Who Can Use Vasectomy

  • Men of any reproductive age (usually less than or equal to 50)
  • Men who want a highly effective, permanent contraceptive method
  • Men whose wives have age, parity or health problems that might pose a serious health risk if they become pregnant
  • Men who understand and voluntarily consent to the procedure
  • Couples who are certain they have achieved their desired family size

Conditions Requiring Precautions

CONDITION

RECOMMENDATION

Single and/or with no living children Counsel very carefully and allow additional time to make an informed decision.
Symptomatic heart disease or clotting disorders, diabetes mellitus, severe anemia Clients with significant medical problems may need special surgical and followup management. This procedure may need to be done in a high-level facility, and not in an ambulatory facility.
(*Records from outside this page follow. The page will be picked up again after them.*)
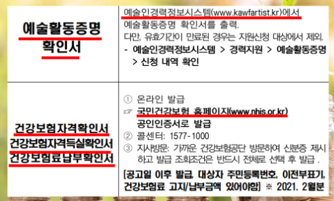 3. 예술활동증명확인서(예술인경력정보시스템) / 건강보험서류(국민건강보험 홈페이지)
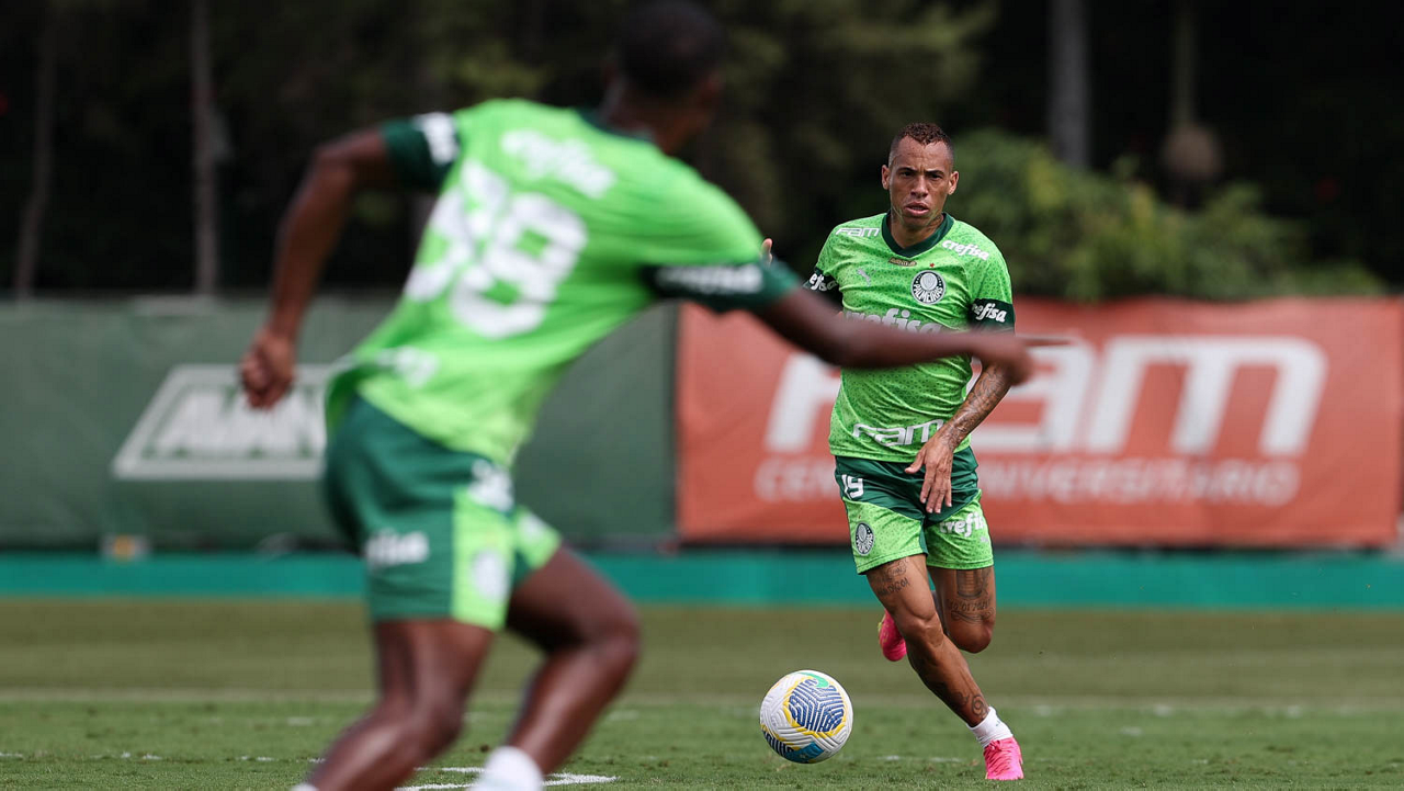O jogador Fabinho, da SE Palmeiras, durante treinamento, na Academia de Futebol. (Foto: Cesar Greco/Palmeiras/by Canon)
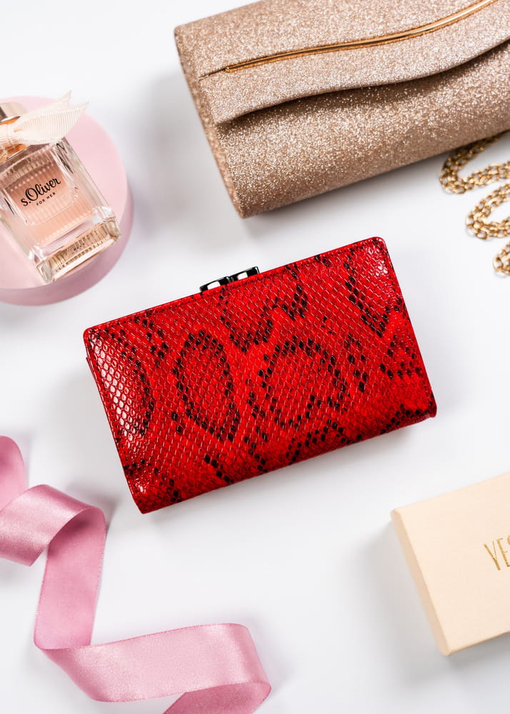 - Portfel jest odszyty z najwyższej jakości skóry naturalnej i ekologicznej. Środek portfela jest wykończony skórą naturalną, zaś strona zewnętrzna to skóra eko o fakturze imitującej skórę węża;
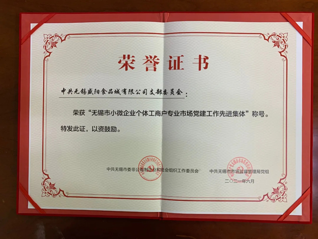 慶?;顒?dòng)中,公布了“小個(gè)?!秉h建工作先進(jìn)集體和先進(jìn)人物名單,林茂松部長為先進(jìn)集體代表頒發(fā)了榮譽(yù)證書,楊如年、張賢和盛小偉三位領(lǐng)導(dǎo)分別為先進(jìn)個(gè)人頒發(fā)了榮譽(yù)證書。其中,中共無錫盛陽食品城有限公司支部委員會光榮地獲得了無錫市“小個(gè)?!秉h建工作先進(jìn)集體榮譽(yù),盛陽黨支部書記華曙東同志也非常榮幸地獲得了江蘇省“小個(gè)?!秉h建工作先進(jìn)個(gè)人榮譽(yù)。
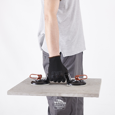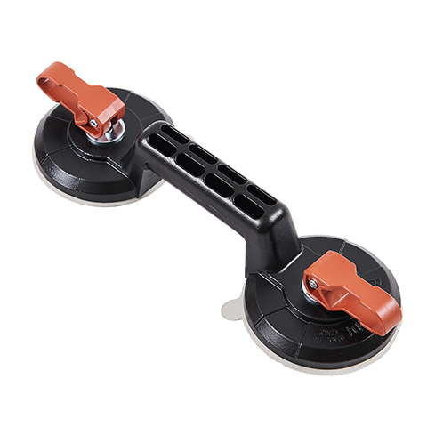 Plattlyft i aluminum med två vakuumsugkoppar som enkelt suger åt mot den keramiska plattan genom att fälla ner de orangea låsanordningarna ovanför.

Significant medical problems should be controlled before surgery.
GTI/Orchitis Treat before the procedure.
Local skin or scrotal infection Delay procedure until infection is resolved.
Other problems: Large varicocele, inguinal hernia, filariasis, scar tissue, previous scrotal surgery, intrascrotal mass, undescended testes and proven fertility, cryptor-chidism (if bilateral and proven fertility), AIDS-related disease With any of these conditions, the procedure must be performed by a provider with extensive experience and skill in performing vasectomy.

Who Should Not Use Vasectomy

  • Clients who are uncertain of their desire for future fertility
  • Clients who do not give voluntary, informed consent

Management of Common Side Effects

SIDE EFFECT/ PROBLEM

MANAGEMENT

Wound infection If skin infection is present, treat with antibiotics. If abscess is present, drain and treat as indicated.
Excessive swelling If swollen scrotum is present and is large and painful, it may require surgical management. Provide scrotal support as needed.
Hematoma (scrotal) Apply warm, moist packs to site and provide scrotal support. Observe; it will resolve over time.

Clients Instructions

  • Keep bandage on for 3 days.
  • Do not pull or scratch wound while healing.
  • You may bathe after 24 hours but do not let the wound get wet. After 3 days you may wash the wound with soap and later.
  • Wear a scrotal support, keep the operative site dry and rest for 2 days.
  • For pain, take 1 or 2 analgesic tablets (acetaminophen, ibuprofen or paracetamol) every 4 to 6 hours and apply ice packs.
  • Avoid heavy lifting and hard work for 3 days.
  • If comfortable, you may resume sexual intercourse in 2 or 3 days. Remember to use condoms or another family planning method for 3 months or until you have ejaculated at least 20 times.
  • Stitches are not usually required with no-scalpel vasectomy. If stitches must be removed, return after 1 week. (If absorbable stitches were used to close the skin, there is no need to return unless there are problems.)
  • Come back for a semen test 3 months after the operation if you wish to have proof that the vasectomy is completely effective.

General Information

  • Vasectomy does not provide protection from pregnancy until after 3 months, 20 ejaculations or when no sperm are seen in a microscopically examined semen specimen.
  • Vasectomy will not affect sexual performance because the testes still function normally.
  • Vasectomy does not provide protection against STDs, including AIDS. If either partner is at risk, the couple should use condoms even after vasectomy.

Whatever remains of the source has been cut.